A Jupyter Notebook is an interactive computing environment that allows you to create and share documents containing live code, equations, visualizations, and explanatory text.

A Jupyter Notebook consists of cells. There are two main types of cells:

<b>Code</b> cells are used to write and execute code. You can write Python code in these cells and run it by pressing Shift + Enter or clicking the "Run" button in the toolbar.

<b>Markdown</b> cells are used to write text, formatted using Markdown syntax. You can write explanations, documentation, or even LaTeX equations in these cells.

In [None]:
# This is a Python cell
# I have "commented out" these lines which means the computer ignores them
# With the pound symbol in front
# If you hit Shift + Enter this cell will "execute"

This is a markdown cell. If you hit Shift + Enter it will turn it into text

### An important note about excecuting cells in notebooks!

When working with Jupyter Notebooks, the <b>order in which cells are executed matters</b>. This is a common pitfall for novice notebook users. Variables and their values are stored in memory and can be accessed and modified across different cells. If cells are not executed in order, the variable state might be different from what you expect, leading to errors or unexpected behavior. Code cells may depend on variables or functions defined in previous cells. If you skip executing certain cells or execute them out of order, you may encounter errors due to missing dependencies. 

My personal strategy for checking if all is going to plan is to "restart" the notebook, which clears all the stored variables, and run the whole thing through start to finish often in the creation process to make sure I haven't accidentally removed an important variable, etc. 

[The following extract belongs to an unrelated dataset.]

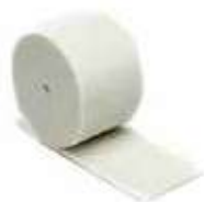
ESTROPAJO ROLLO BLANCO

REF:7486 Formato:15X6m Marca: RESSOL UD/CAJA:12

## How do I use this notebok?

If you are reading this notebook on GitHub or another place where the notebook is just posted, you'll have to import the notebook into an environment that is running Python and the `notebook` package. This might be a local installation (via [miniconda](https://docs.anaconda.com/free/miniconda/index.html) or [Anaconda](https://docs.anaconda.com/free/navigator/index.html)), a [JupyterHub](https://jupyter.org/hub) you've been granted access to running in the cloud, or [Binder](https://mybinder.org/), [Google Colab](https://colab.research.google.com/) or something similar. 

Depending on where you have sent your notebook to be run you may have to choose a [kernel](https://docs.jupyter.org/en/latest/install/kernels.html) that has the `IPython` package installed - basically, you need to run your notebook in a Python environment that has the necessary notebook packages installed. Many notebook platforms do this automatically, but if you are running on a local install or in VS Code, you will have to choose a kernel. 

If you are using this notebook (you can execute the cells) then you are already somewhere where Python is installed - congrats!

# Let's do some Python!

Here we're going to look at a few examples of some of the fundamental concepts in Python:
- **Variables**: Used to store data.
- **Data Types**: Different types of data that can be stored in variables.
- **Operators**: Symbols used to perform operations on variables and values.
- **Control Flow**: Structures that control the flow of execution in a program, like loops and conditionals.

## Variables

Variables are used to store data values. In Python, you can assign a value to a variable using the `=` operator. The variable name is on the left side, and the value you want to assign is on the right side.

Let's create a variable to store the value of the acceleration due to gravity (`g`) in meters per second squared (m/s^2):

In [None]:
# Assigning a value to the variable g
g = 9.81  # m/s^2 (acceleration due to gravity)

In [None]:
# Print the value of g
print(g)

## Data types

Python supports various [data types](https://python-reference.readthedocs.io/en/latest/basic_data_types.html), including:

- **Numeric Types**: Integers, floating-point numbers, and complex numbers.
- **Sequence Types**: Lists, tuples, and range objects.
- **Mapping Type**: Dictionaries.
- **Boolean Type**: `True` or `False`.
- **None Type**: Represents the absence of a value.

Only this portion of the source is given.